NeurIPS 2019
Sun Dec 8th through Sat the 14th, 2019 at Vancouver Convention Center
Paper ID:5286
Title:Model Similarity Mitigates Test Set Overuse

Reviewer 1

With my limited familiarity with the area, I found the paper to be easy and enjoyable to read and follow. The authors did a good job of outlining the motivation, existing work, and limitations. The work seems like a strong combination of an interesting theoretical finding, which requires a neat extension of the union bound as explained in Section 3, and an assessment of its empirical impact. The problem addressed -- namely, quantifying the effect of test set overuse -- is very timely, and the result that model similarity provably increases the number of times one can re-use a test set is quite interesting. Given the complex expressions in Theorem 2 and Corollary 4, it would be helpful to either also provide a simplified form (under further assumptions) or analyze the results for some interesting special cases for which the expressions become simpler and dependencies on parameters more apparent. For the adaptive classification case (Section 4), the analysis using (n+1)^{k-1} as the maximum number of queries seems quite conservative. Could you comment on its tightness / usefulness in practice? For corollary 4, it seems the way the parameters (alpha, eps, etc.) are stated may not be the most natural or useful. It is not clear when the corollary provides a useful result. E.g., as stated, eps is a function of alpha, eta is a function of eps and alpha, and N_eta is required to be bounded by a function of alpha. This makes it difficult to assess simple things like whether alpha has a positive or negative effect on the result. Would it help to re-state the result in terms of (only) the largest alpha that satisfies the bound on N_eta? The Naive Bayes assumption that comes towards the end of page 6 is left mysterious till that point in the paper. I would suggest alluding to it (or at least its textual interpretation near line 237) early on in the paper.

Reviewer 2

The writing focuses on mathematical analysis of the case where all model predictions tend to be correlated as well as on empirical analysis of how correlated the model predictions are in practice. The math looks OK, but,it is the straightforward empirical analysis that is most valuable, and it seems to me that all of the theoretical conclusions could be made without theory, simply through simulation instead of work on deriving bounds.
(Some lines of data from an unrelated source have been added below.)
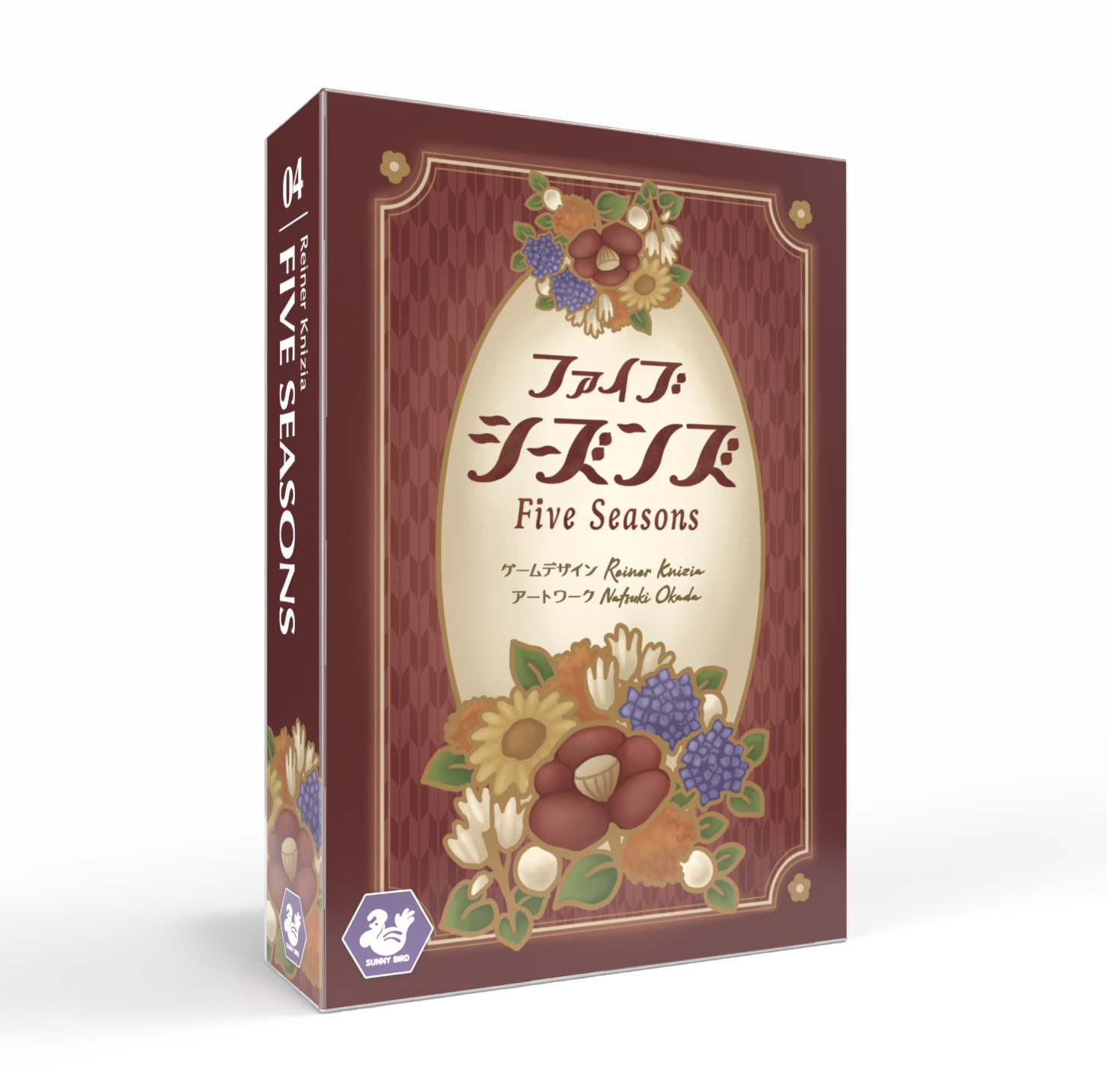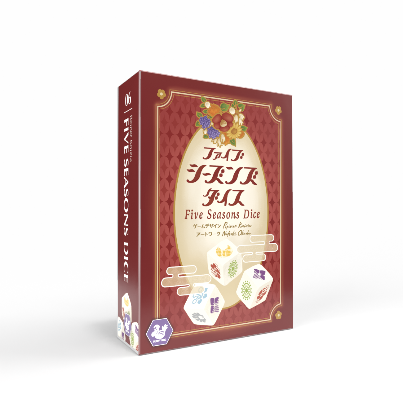 【名作小箱シリーズ第5弾】五つの季節を巡る美しいゲーム「ファイブシーズンズ」のスゴロクバージョンが新登場!5つのサイコロを振って、選んだ色のコースを進んでいきます。なるべく進んだ方が点数が上がりますが、中途半端に進むと失点になってしまうのはタイルバージョンと同じです。スゴロクの盤面はリバーシブルになっており、シンプルで誰でも遊べる表面と、柵で入れないマスがあるジレンマたっぷりの裏面があります。新版では、柵の場所が可変になったことで、毎回新鮮な気持ちで遊べるようになります。
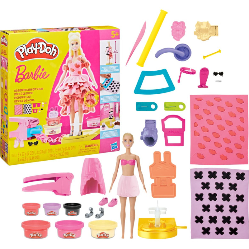Воображаемая игра выходит на подиум с набором Play-Doh Показ мод Барби! Этот игровой набор Barbie «2-в-1» — студия и подиум — предлагает множество увлекательных способов создать великолепные модные образы. Следуйте инструкции, чтобы воссоздать два фирменных стиля, или проявите креативность и создайте собственную одежду для куклы Barbie из массы для лепки Play-Doh. Две трафаретные формы с узорами в виде губной помады и бантиков выглядят почти как ткань — только сделаны из массы для лепки Play-Doh! В комплект также входят 6 дополнительных баночек, с помощью которых можно добавить детали: волосы, оборки, искусственный мех и многое другое. Дополните образ модными аксессуарами — бантиками, обувью — и продемонстрируйте стиль Barbie на вращающемся подиуме.
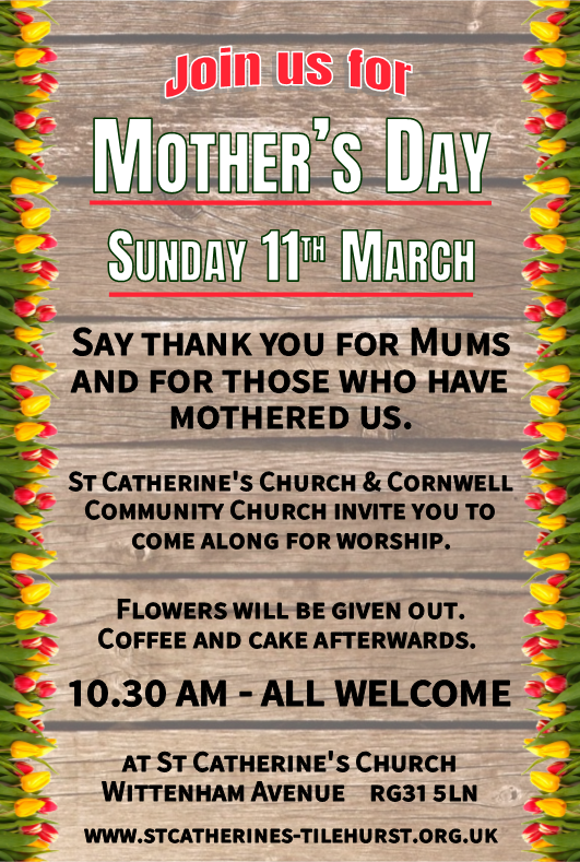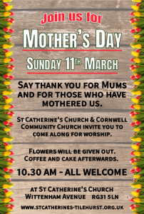 Say thank you for Mums and for those who have mothered us. St Catherine’s Church & Cornwell Community Church invite you to come along for worship.

Thus, it is hard for me to see value in large parts of the paper.

Reviewer 3

It has been previously suggested that the currently massive reuse of common test data sets can lead to overfitting of machine learning models. This work provides new analysis and support for this observation that the similarity between alternative models, following from shared prior knowledge and modeling choices, can reduce the potential overfitting substantially when compared to the theoretical expectations. The paper demonstrates empirically that predictions provided by alternative models are more similar than what could be expected just based on the prediction accuracy and provide an exact quantification of this effect. The authors use this observation to derive modified confidence interval for predictions that incorporates the similarity information. Application is demonstrated with real data. Quality. The work provides new information on is of good quality; the derivations follow standard style. A weak point is that the discussion is limited to relatively specific data sets / modeling tasks. Earlier work is being appropriately discussed. Clarity. Overall the text is well written and clear to follow. A shortcoming is that the Introduction does not include any references, and existing theoretical results are mentioned without citation (e.g. rows 19-21). Originality. The idea that overfitting is mitigated thourh similarity between models is not novel as such but compared to earlier related approaches that are being cited, this work provides new empirical evidence and theoretical understanding of this phenomenon. Significance. The results are useful for understanding fundamental aspects and limitations of machine learning techniques, and the pragmatically motivated, improved error bounds can be useful in practical applications. The vast applicability across a range of sample sizes, data set types, and modeling tasks remains to be shown, however.